And so it came to pass that Willson's gentle knock was unheard, or if heard, disregarded.

Fortunately, however, Mr. Seymour had, in anticipation of her requiring his assistance, purposely left the door unlocked; and when Willson discovered this, and also found that her plea for admission was unresponded to, she thought it better to enter without waiting for his consent.

Accordingly she stepped quietly into the room, and, going close up to him, tried to gain his notice by touching him on the arm.

His disordered dress, and pale, haggard looks, as he turned suddenly round on being thus disturbed, would have told her that he had watched the same live-long night, even if she had been previously ignorant of the fact.

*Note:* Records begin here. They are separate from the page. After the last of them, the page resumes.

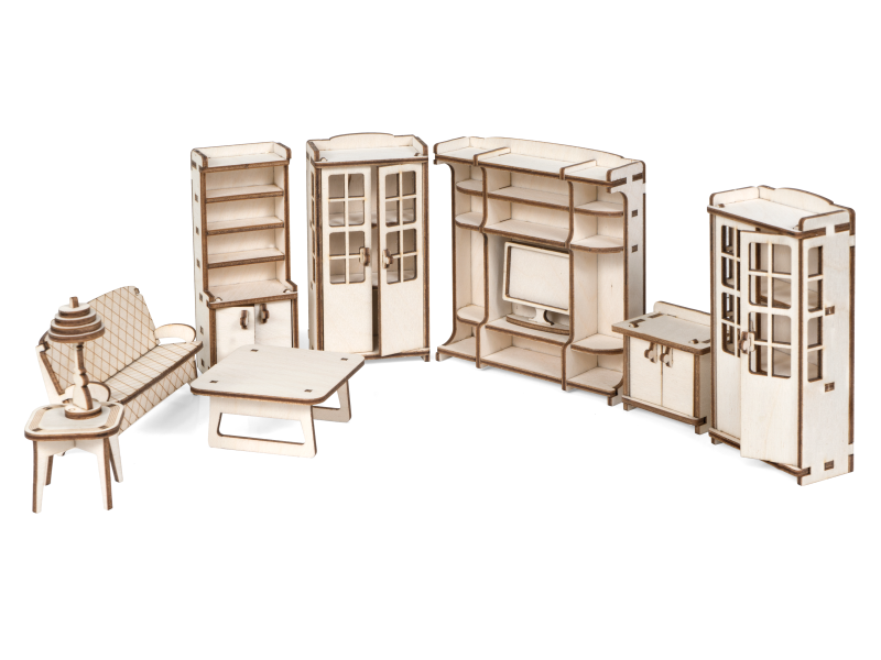 Мебель выполнена из березовой фанеры, даже небольшие элементы, такие как ручки на дверцах. Все детали собираются с небольшим количеством клея, просто вставляются в пазы, крепление очень прочное и надежное.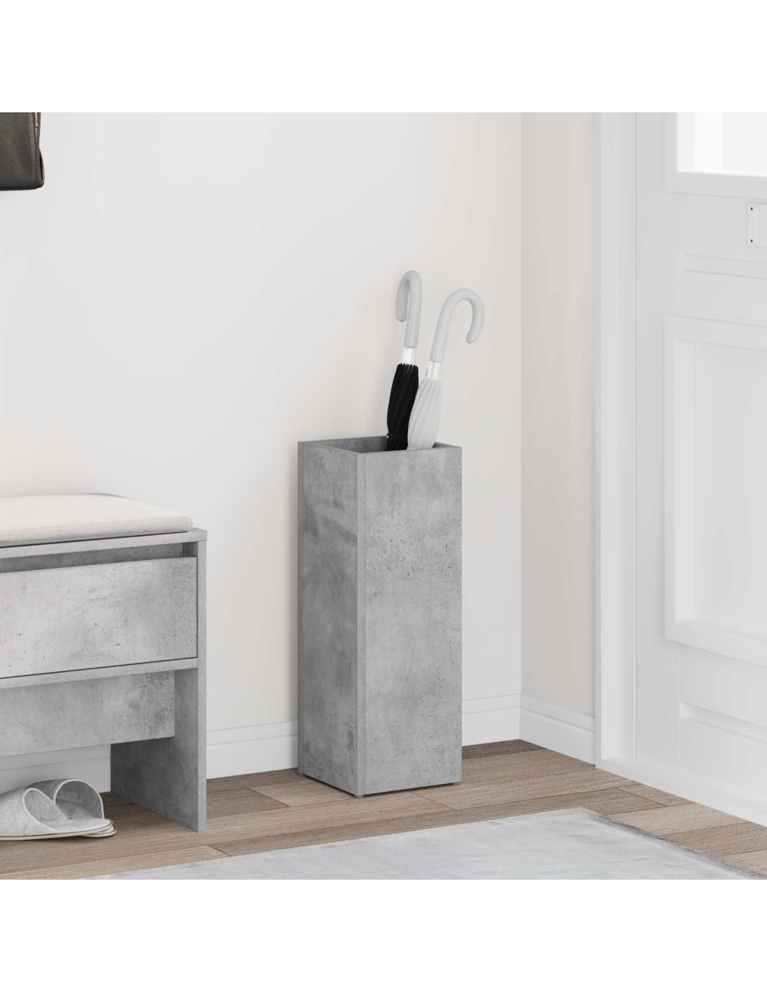 - Costruzione in legno ingegnerizzato Questo portaombrelli è robusto e realizzato in legno ingegnerizzato per garantire durata e affidabilità nell'uso quotidiano. Non solo è resistente, ma ha anche un'estetica piacevole, con una superficie liscia adatta ai moderni ambienti.
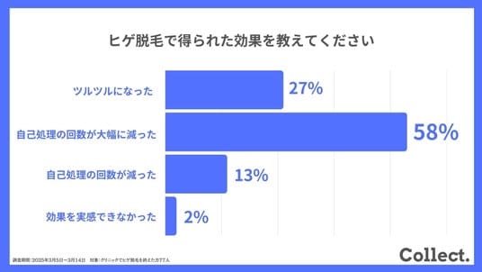 「ツルツルになった」27%、「自己処理の回数が大幅に減った」58%、「自己処理の回数が減った」13%、「効果を実感できなかった」2%。
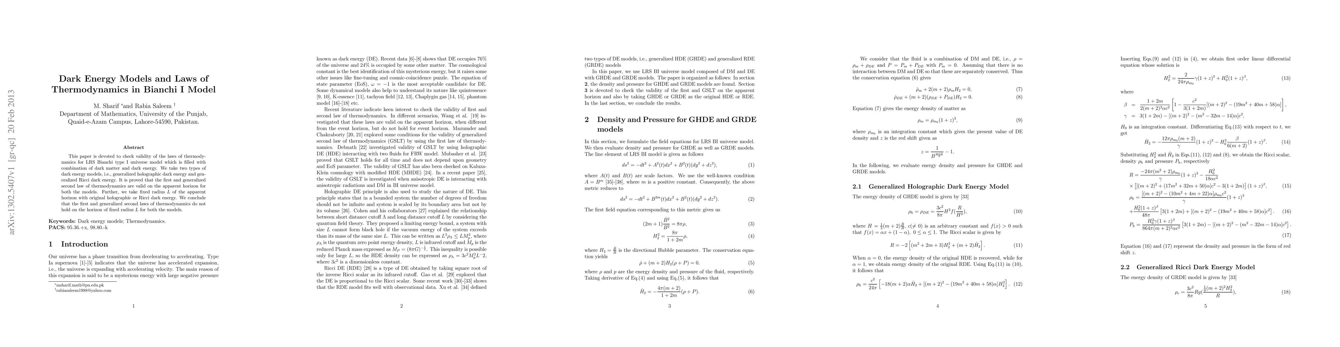 This paper is devoted to check validity of the laws of thermodynamics for LRS Bianchi type I universe model which is filled with combination of dark matter and dark energy. We take two types of dark energy models, i.e., generalized holographic dark energy and generalized Ricci dark energy. It is proved that the first and generalized second law of thermodynamics are valid on the apparent horizon for both the models. Further, we take fixed radius $L$ of the apparent horizon with original holographic or Ricci dark energy. We conclude that the first and generalized second laws of thermodynamics do not hold on the horizon of fixed radius $L$ for both the models.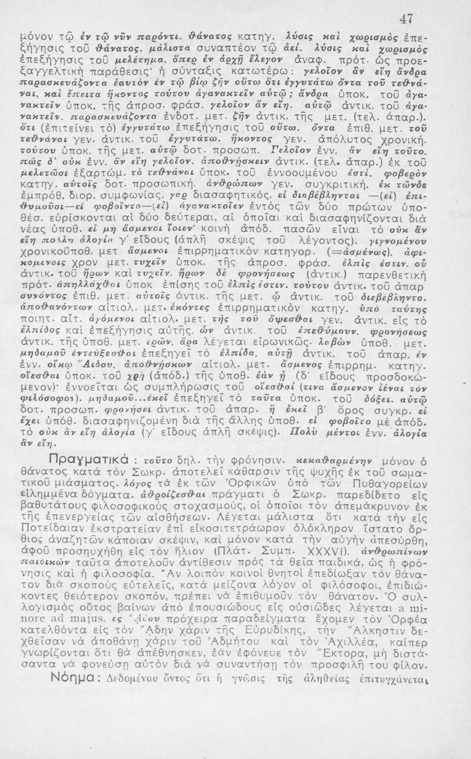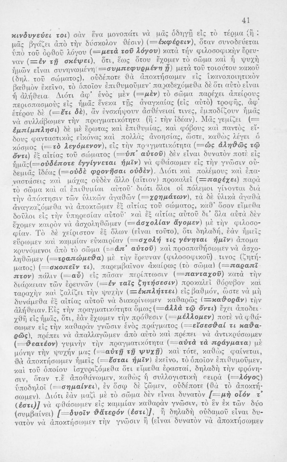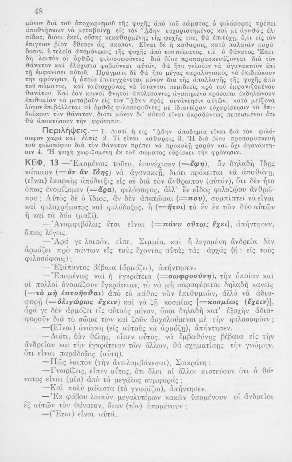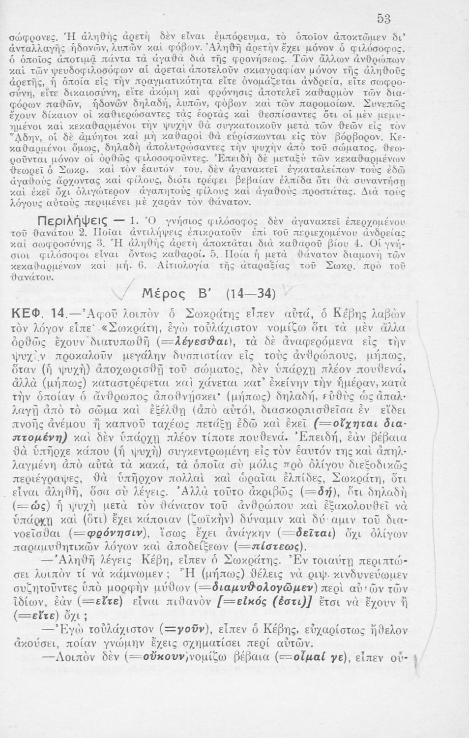 Μαθητικό βοήθημα Αρχαίων Ελληνικών για την Η' Γυμνασίου που περιλαμβάνει εισαγωγή και μετάφραση του Φαίδωνα του Πλάτωνα καθώς και ερμηνευτικά, γραμματικά και πραγματολογικά σχόλια.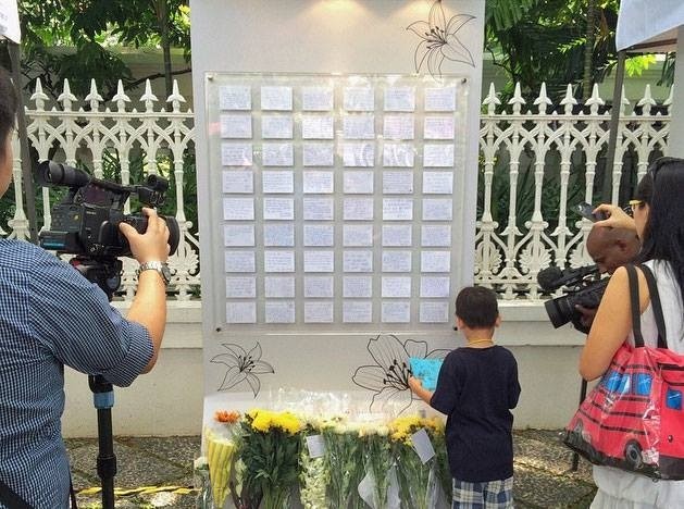 | Tính tới 17h30 ngày 23/3, người dân Singapore đã viết hơn 11.000 thiệp chia buồn. Họ đặt chúng tại khu tưởng niệm ở dinh Istana. |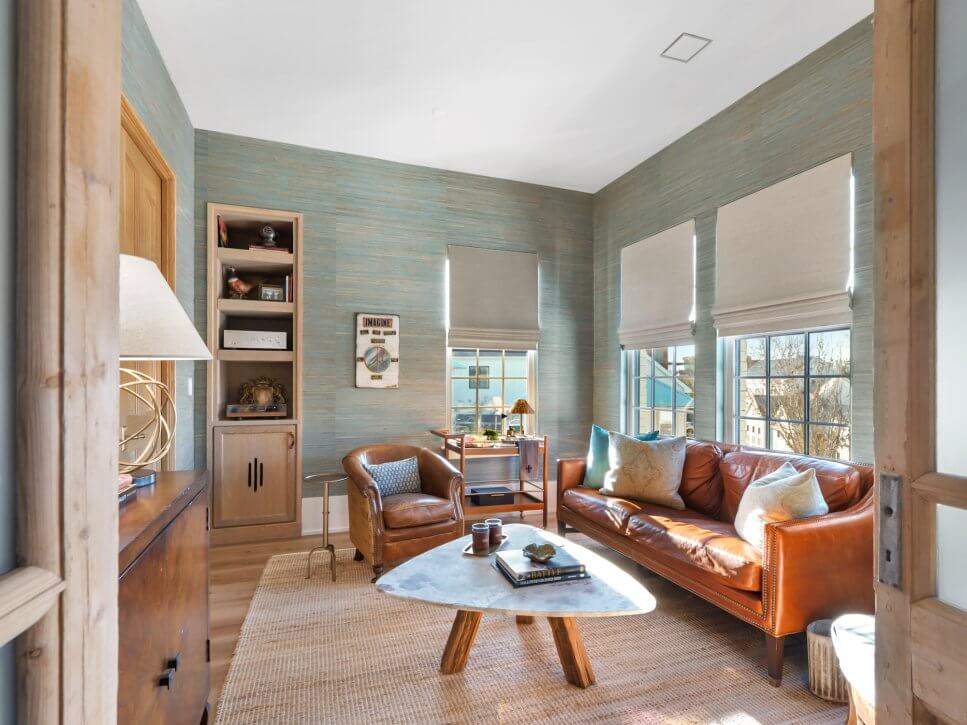 Every room in the house is different by design. The study is the house’s one clear departure from the European palette. The room features grass cloth walls in deep teal green, a cognac leather sofa, a sculptural marble coffee table and extra insulation packed into the walls and ceiling specifically to contain sound. The room was designed around Eric’s love of music. “He enjoys music of all genres and loves sharing it with friends,” Lewis said.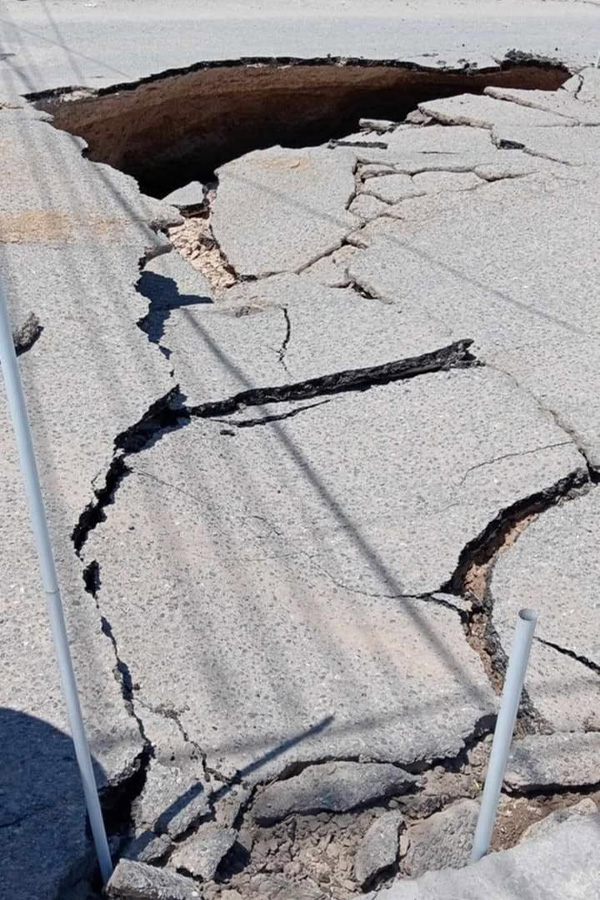 Una usuaria de redes sociales envió imágenes a Juárez Digital, denunciando que el daño representa un riesgo para los conductores, ya que esta misma tarde un camión cayó en el hoyo y quedó atorado.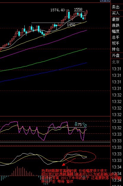 *作建议分2部 第一思路 做目前环境的走势 即 价格出现一个小新高或者价格在前期高点附近 做空开始 目标1545附近 见1545分批做多 下方的堡垒在日线26 55日均线的位置 即1525跌破止损 目标新高 第二思路 就是继续45度直线上涨 那么就是观望 停止*作(次概率超低)

"What are you doing here?" he demanded, and his voice sounded like some far-away echo; "do you wish to reproach me again?”

"I reproach you?" repeated the old woman, recoiling a step, and regarding him in wonder and dismay.

"Yes; did you not accuse me of breaking her heart?" he aske1, hoarsely.

"No; not for the world would I say such a cruel thing," replied Willson, gazing tearfully at his bowed and bent figure, so unlike what she had ever seen it before; "God knows your suffering is intense enough without that."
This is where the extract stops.